[I18n-sig] Proposal: Extended error handling forunicode.encode

"Walter Dörwald" walter@livinglogic.de
Wed, 03 Jan 2001 20:18:58 +0100


On 22.12.00 at 19:15 M.-A. Lemburg wrote:

> "Walter Dörwald" wrote:
> > 
> > On 21.12.00 at 18:30 M.-A. Lemburg wrote:
> > > [about state in encoders and error handlers]
> > But I don't see how this internal encoder state should influence
> > what the error handler does.
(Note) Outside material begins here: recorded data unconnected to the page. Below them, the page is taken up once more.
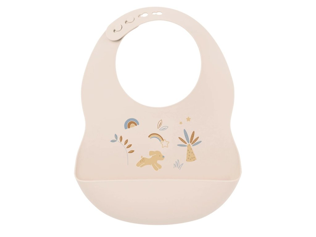 Podbradník Nattou vyrobený z pružného silikónu s motívom psíka a praktickou zbernou časťou zabezpečí kŕmenie a jedenie vášho dieťatka bez zbytočného stresu z neporiadku .
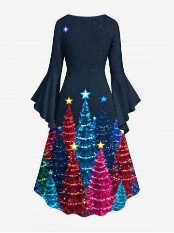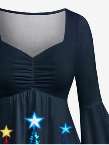 Plus Size Colorful Glitter Christmas Tree Print Ruched High Low Asymmetric Dress - Navy Blue - 4x
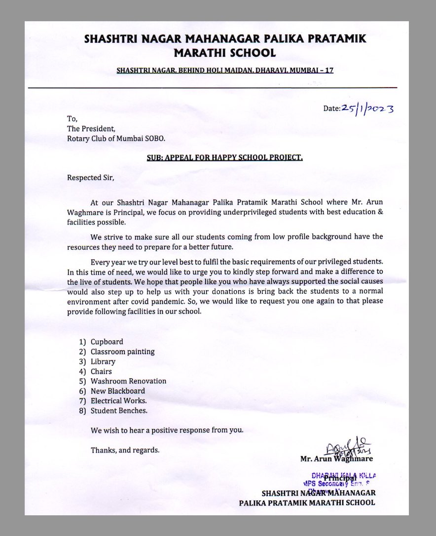 To address the problem, the Rotary Club of Mumbai SOBO is focusing on transforming the MPPM school in Shastri Nagar, located in the Dharavi slum area - in Mumbai, into a “HAPPY SCHOOL” by renovating it. The aim is to transform the school building and infrastructure, which is in a very vulnerable state into a secure, attractive, and happy learning place.
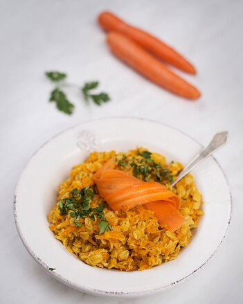 Schnell zubereiteter Haferbrei mit süßen Karotten, Orangensaft und Eintopfgewürz.

There are two layers involved: The
> > character encoding layer and the "unencodable character escape
> > mechanism". Both layers are completely independent, even in your
> > "Unicode compression" example, where the "unencodable character
> > escape mechanism" is XML character entities.
> 
> This is true for your XML entity escape example, but error
> resolving in general will likely need to know about the
> current state of the encoder, e.g. to be able to write data
> corresponding page in the Unicode compression example or to
> force a switch of the current page to a different one.

How does this "Unicode compression example" look like?
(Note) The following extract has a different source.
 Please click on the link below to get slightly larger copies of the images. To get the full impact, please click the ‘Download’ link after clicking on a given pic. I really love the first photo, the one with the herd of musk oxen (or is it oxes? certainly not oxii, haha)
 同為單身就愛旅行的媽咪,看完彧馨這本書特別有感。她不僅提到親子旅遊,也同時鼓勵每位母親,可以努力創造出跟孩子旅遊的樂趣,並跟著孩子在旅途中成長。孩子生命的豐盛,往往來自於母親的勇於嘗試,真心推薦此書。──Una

> I know that error handling could be more generic, but passing
> a callable object instead of the error parameter is not an
> option since the internal APIs all use a const char parameter
> for error.

Changing this should can be done in one or two hours for someone 
who knows the Python internals. (Unfortunately I don't, I first
looked at unicodeobject.[hc] several days ago!)

> Besides, I consider such an approach a hack and not
> a solution.
> 
> Instead of trying to tweak the implementation into providing
> some kind of new error scheme, let's focus on finding a generic
> framework which could provide a solution for the general case
> while not breaking the existing applications.
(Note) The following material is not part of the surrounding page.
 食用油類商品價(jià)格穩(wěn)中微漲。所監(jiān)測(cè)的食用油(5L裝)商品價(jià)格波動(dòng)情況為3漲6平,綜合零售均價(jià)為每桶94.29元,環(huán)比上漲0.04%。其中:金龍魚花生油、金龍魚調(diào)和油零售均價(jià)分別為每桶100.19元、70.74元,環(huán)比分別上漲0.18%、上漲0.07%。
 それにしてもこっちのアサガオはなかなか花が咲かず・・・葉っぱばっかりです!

Are the existing codecs (JapaneseCodecs etc.) to be considered part
of the existing applications?

The problem might be how to handle callbacks to C functions and
callback to Python functions in a consistent way. I.e. is it
extern DL_IMPORT(PyObject*) PyUnicode_Encode(
     const Py_UNICODE *s,        /* Unicode char buffer */
     int size,                   /* number of Py_UNICODE chars to encode */
     const char *encoding,       /* encoding */
     PyUnicodeObject *errorHandler(PyUnicodeObject *string, int position) /* error handling via C function */
     );
or
extern DL_IMPORT(PyObject*) PyUnicode_Encode(
     const Py_UNICODE *s,        /* Unicode char buffer */
     int size,                   /* number of Py_UNICODE chars to encode */
     const char *encoding,       /* encoding */
     PyObject *errorHandler /* error handling via Python function */
     );

> > > Writing your own function helpers which then apply all the necessary
> > > magic is simple and doesn't warrant changing APIs in the core.
> > 
> > It is not as simple as the error handler, but I could live with that.
> > 
> > The big problem is that it effectively kill the speed of your
> > application. Every XML application written in Python, no matter
> > what is does internally, will in the end have to produce an output
> > bytestring. Normally the output encoding should be one that produces
> > no unencodable characters, but you have to be prepared to handle
> > them. With the error handler the complete encoding will be done
> > in C code (with very infrequent calls to the error handler), so
> > this scheme gives the best speed possible.
> 
> It would give even better performance if the codec would provide
> this hook in some way at C level.

extern DL_IMPORT(PyObject*) PyUnicode_Encode(
     const Py_UNICODE *s,        /* Unicode char buffer */
     int size,                   /* number of Py_UNICODE chars to encode */
     const char *encoding,       /* encoding */
     PyUnicodeObject *errorHandler(PyUnicodeObject *string, int position) /* error handling via C function */
     );
would, but thats not the point. When you use an encoding, where more
than 20% of the characters have to be escaped (as XML entities or whatever)
you're using the wrong encoding.

> Note that almost all codecs
> have their own error handlers written in C already.
>
> > > Since the error handling is extensible by adding new options
> > > such as 'callback',
> > 
> > I would prefer a more object oriented way of extending the error
> > handling.
> 
> Sure, but we have to assure backward compatibility as well.
>  
> > > the existing codecs could be extended to
> > > provide this functionality as well. We'd only need a way to
> > > pass the callback to the codecs in some way, e.g. by using
> > > a keyword argument on the constructor or by subclassing it
> > > and providing a new method for the error handling in question.
> > 
> > There is no need for a string argument 'callback' and
> > an additional callback function/method that is passed to the
> > encoder. When the error argument is a string, the old mechanism
> > can be used, when it is a callable object the new will be used.
> 
> This is bad style and also gives problems in the core 
> implementation (have a look at unicodeobject.c).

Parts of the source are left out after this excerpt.